In order to successfully deploy our test on the market we will need to meet three criteria:

1.) Demonstrate an unmet medical need

2.) Prove Clinical utility

3.) Deliver the endorsement of key opinion leaders

The clinicians in the room with us last week included key opinion leaders. By demonstrating the outcome of our research to date, we were able to demonstrate a modicum of clinical validity. However, the only people who can demonstrate clinical utility are clinicians. We can deliver the intelligence which proves that the test works: we need the support of clinicians to translate this into actionable intelligence which can change case management and thus deliver a clinical benefit to the patients.

By engaging with the clinicians we were able to gain a powerful perspective on how best to equip them with the correct tools to help them treat their patients effectively.

By engaging with patient advocacy groups, we are aware of and familiar with the people who own the need for a solution. By engaging with the clinicians and researchers last week in Stockholm we came one step closer to delivering a solution to these patients.

Interview Robin Tuytten

Robin Tuytten

VP Research & Development

Metabolomic Diagnostics Limited

Did you find the meeting productive?

Yes. The Stockholm IMPROvED meeting allowed the IMPROvED consortium to reinforce the bonds between all partners involved. With IMPROvED a collaboration between several academic teams and a number of commercial entities, the yearly IMPROvED meeting is important to mutually understand and appreciate the efforts undertaken by all consortium members.

The possibility to directly engage with many clinicians, midwifes and clinical laboratory staff dedicated to pregnancy care at the same time is unique and very instructive to us, the commercial partners in IMPROvED. In addition, the Stockholm meeting gave us all the opportunity to engage directly with the European Commission: the IMPROvED EC project officer joined our discussion for a day. Being able to share our progress and aspirations with the European Commission was very rewarding.

Did you take any important decision?

At the meeting the ambition to bring IMPROvED to success was re-iterated by all consortium members.
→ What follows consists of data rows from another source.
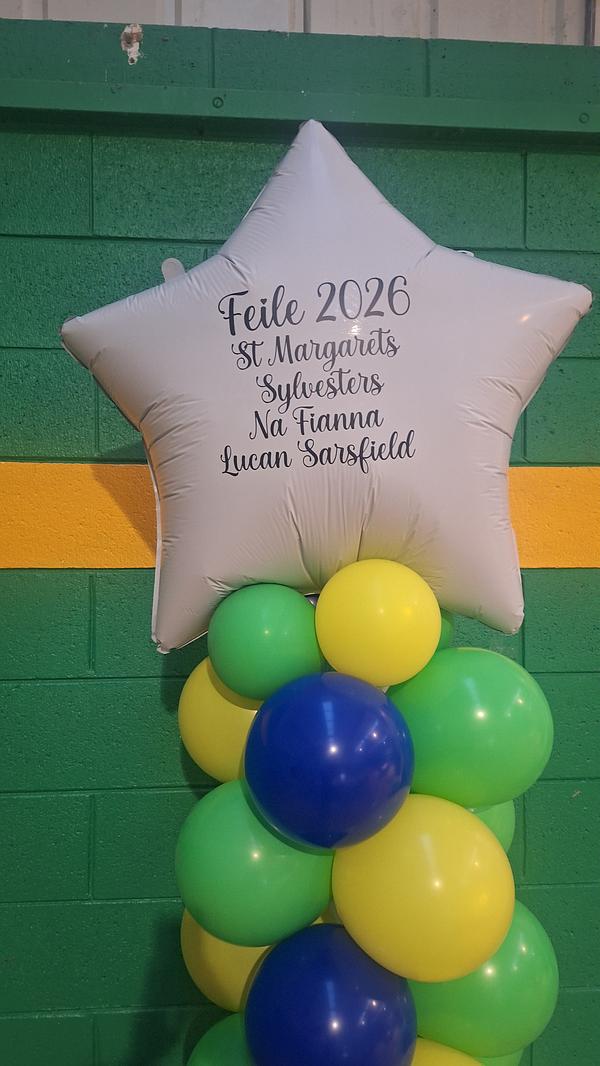 Massive thank you to @hanleys_balloons for our fabulous Féile balloon bouquets. They captured the colours of all four clubs — St Margaret’s, Lucan Sarsfields, Sylvesters and Na Fianna — and they’ve brought serious Féile energy to the place. Roll on tomorrow.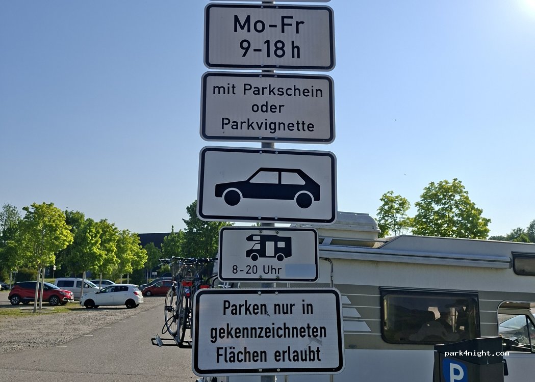 Übernachten verboten (Womos nur zwischen 8-20 Uhr erlaubt). Bis 18 Uhr werden Gebühren erhoben Mo-Fr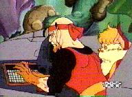 Bats seem to do it. Yeah, but bats have sonar. Lynx-O's just sitting there. It could be that Snarf is flying the Skycutter. Is that an improvement? Good point. I have a question. Why is Uncle Snarf in all of these pictures? Hmm. I don't know. Maybe he's working on his mechanical skills and Lynx-O seems to be around to help out? Sorry, Snarfer, I really don't know. Weird. |

As part of the Metabolomic Diagn Team, what did you presented at the meeting and is there any interesting news that we can safety share with the public?
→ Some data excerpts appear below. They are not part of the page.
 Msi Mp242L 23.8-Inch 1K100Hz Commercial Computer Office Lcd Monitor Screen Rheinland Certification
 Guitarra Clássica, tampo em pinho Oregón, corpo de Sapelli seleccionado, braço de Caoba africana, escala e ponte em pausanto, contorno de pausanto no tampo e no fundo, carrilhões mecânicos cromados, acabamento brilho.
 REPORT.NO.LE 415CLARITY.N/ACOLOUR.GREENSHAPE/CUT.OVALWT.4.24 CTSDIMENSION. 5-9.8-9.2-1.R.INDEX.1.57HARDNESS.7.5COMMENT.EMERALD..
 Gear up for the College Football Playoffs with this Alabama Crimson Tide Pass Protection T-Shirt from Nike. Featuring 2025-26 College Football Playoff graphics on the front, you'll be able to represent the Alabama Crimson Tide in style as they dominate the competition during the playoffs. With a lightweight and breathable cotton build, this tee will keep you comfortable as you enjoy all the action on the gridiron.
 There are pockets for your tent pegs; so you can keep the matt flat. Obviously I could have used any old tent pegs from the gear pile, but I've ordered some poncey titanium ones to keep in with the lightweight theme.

At the IMPROvED meeting in Stockholm, Metabolomic Diagnostics had the opportunity to update the consortium members on the progress made in its development of its preeclampsia risk stratification product. I was able to share with the consortium the results of a first study wherein we used a prototype of our test to predict preeclampsia early in pregnancy. To everybody’s delight the results were very promising: good prediction was achieved! Following this first great result, the Metabolomic Diagnostics’ team is even more energized to further develop its technology and to proof the merits of a first-in-its-kind preeclampsia prediction test in IMPROvED.
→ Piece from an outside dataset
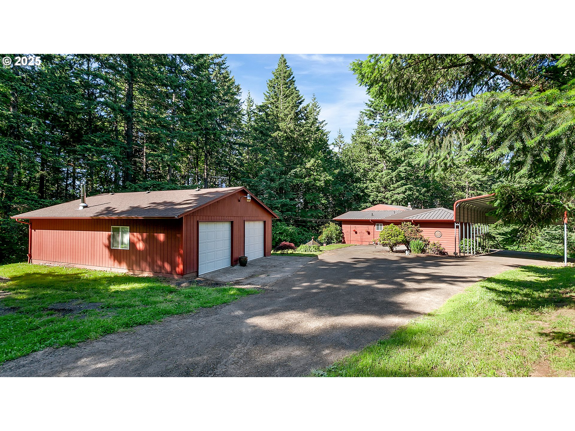 Incredible opportunity to own a tranquil, private, wooded, and grassy retreat on 5 acres with 3 bedroom, 2 bath, 2,076 square feet with a 3-acre buildable lot.Minutes from Gresham, Happy Valley, and Damascus.Daylight basement home on 1.9 acres nestled among towering evergreens. Large windows allow for lots of natural light.Main floor: Living room with three-sided floor to ceiling rock fireplace with slate hearth situated between living room and kitchen. One bedroom and full bath. Kitchen features 12' ceilings, stainless steel appliances, granite and large island. Slider opens to large 50' covered wrap-around deck for year-round use and beautiful views.Daylight basement features large family room with floor to ceiling brick fireplace with gas insert. 2 bedrooms, bathroom, large utility room. Slider off family room leads to wrap-around patio and access to fenced yard.Newer updates include HVAC high-efficiency gas furnace, heat pump, and gas hot water heater, most plumbing lines replaced with PEX water lines.Wood laminate flooring in most areas.High quality, low maintenance metal roof.Detached 28' X 36' garage/shop with room perfect for crafts, studio, office, etc. and separate entrance.41' L x 14' W x 16' H covered RV parking with 50 amp and RV dump. Perfect for largest RVs.Carport with attached shed with electricity and built-in shelves.Room to breathe, space to grow, and flexibility to fit your future.Owned by one family for 50 years, truly must see property to fully appreciate.View by appointment only. Seller offering 1 Yr APHW warranty with acceptable offer. Call for details. OPEN SUNDAY 11/30 2-4PM Detached 3 garage spaces (in addition to the attached carport & detached RV carport) + separate finished space with exterior door (could remove wall for 4 tandem) which would make a great shop, home office, gym, studio, storage or she shed/man cave!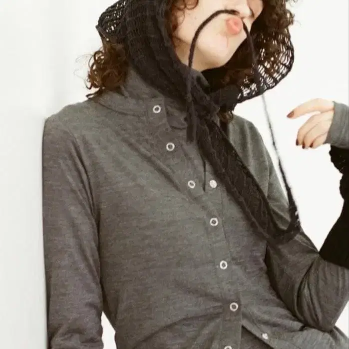 [ iAWAK 아이아 ] 터틀넥 가디건 그레이

The mission of your company in IMPROvED

Metabolomic Diagnostics is developing a novel clinical test to identify which 1st time pregnant are at risk of developing preeclampsia later in their pregnancy. Our test is looking at metabolite biomarkers in the blood of pregnant women when they are about 15 weeks pregnant. To determine the levels of several fore-telling metabolites simultaneously we use a special analytical technique called mass spectrometry. Using a mass spectrometer we are able to identify (essentially by “weighing” the mass of the metabolites) and quantify the metabolites of interest in blood. When combining the information on the levels of different metabolites in a mathematical algorithm, we can determine whether a pregnant woman has a low or high risk of developing preeclampsia later in her pregnancy. This information is provided to the health care provider taking care of the pregnant woman, who then can personalize the pregnancy care of the woman according to her needs. By analysing the 15 weeks blood samples taken from the 5000 pregnant women participating in IMPROvED, we aim at confirming (validating) that our test can indeed accurately predict preeclampsia. This will be done by comparing the risk prediction as obtained with the Metabolomic Diagnostics’ test, using a 15 weeks blood sample, with the actual pregnancy outcome as recorded by the IMPROvED midwifes and obstetricians.